EX-10.2 5 d235167dex102.htm EX-10.2 EX-10.2

Exhibit 10.2

JOINDER TO

STOCKHOLDERS AGREEMENT

Reference is made to that certain Stockholders Agreement, dated as of November 2, 2011, by and among Change Healthcare, Inc. (a Delaware corporation formerly known as Beagle Parent Corp. (the “Company”)), Change Intermediate Holdings, Inc. (a Delaware corporation formerly known as Beagle Intermediate Holdings, Inc.), Change Healthcare Holdings, Inc. (a Delaware corporation formerly known as Emdeon Inc., successor by merger to Beagle Acquisition Corp.) and the Stockholders from time to time party thereto (the “Stockholders Agreement”). Capitalized terms used herein and not otherwise defined shall have the respective meanings assigned to them in the Stockholders Agreement.

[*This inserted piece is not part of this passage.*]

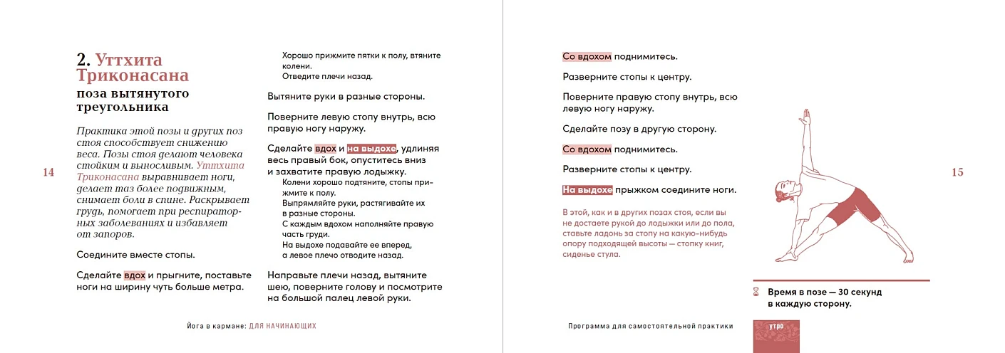 - Для удобства восприятия в описании позы выделены вдохи и выдохи, время пребывания в позе, различные расстояния (между руками, ногами). Текст позы поделен на активные действия («Встаньте в центр коврика») и «внутренние действия» («Расслабьте живот»), которые набраны мелким шрифтом.

On or about the date hereof, the undersigned (the “Transferee”) has received shares of the common stock of the Company from Blackstone. Pursuant to Sections 4.2 and 4.6 of the Stockholders Agreement, the Transferee hereby agrees to join, become a party to and be bound by, as a Sponsor, the Stockholders Agreement. Transferee further acknowledges and agrees (i) that all such Shares shall remain Sponsor Shares and shall be subject to all of the provisions of the Stockholders Agreement, and (ii) that it shall assume, with respect to such Company Shares, all of Blackstone’s rights and obligations under the Stockholders Agreement and any other agreement or instrument executed by Blackstone in respect of the Company Shares.

 

CHANGE AGGREGATOR L.P.
By:  

Change Aggregator GP L.L.C., its

general partner

By:  

Blackstone Management Associates

VI L.L.C., its managing member

By:   BMA VI L.L.C., its sole member
By:   /s/ Vikrant Sawhney
  Name:   Vikrant Sawhney
  Title:     Senior Managing Director

 

Acknowledged and Agreed:
CHANGE HEALTHCARE, INC.
By:   /s/ Gregory T. Stevens
Name:   Gregory T. Stevens
Title:   General Counsel and Secretary


JOINDER TO

STOCKHOLDERS AGREEMENT

Reference is made to that certain Stockholders Agreement, dated as of November 2, 2011, by and among Change Healthcare, Inc. (a Delaware corporation formerly known as Beagle Parent Corp. (the “Company”)), Change Intermediate Holdings, Inc. (a Delaware corporation formerly known as Beagle Intermediate Holdings, Inc.), Change Healthcare Holdings, Inc. (a Delaware corporation formerly known as Emdeon Inc., successor by merger to Beagle Acquisition Corp.) and the Stockholders from time to time party thereto (the “Stockholders Agreement”). Capitalized terms used herein and not otherwise defined shall have the respective meanings assigned to them in the Stockholders Agreement.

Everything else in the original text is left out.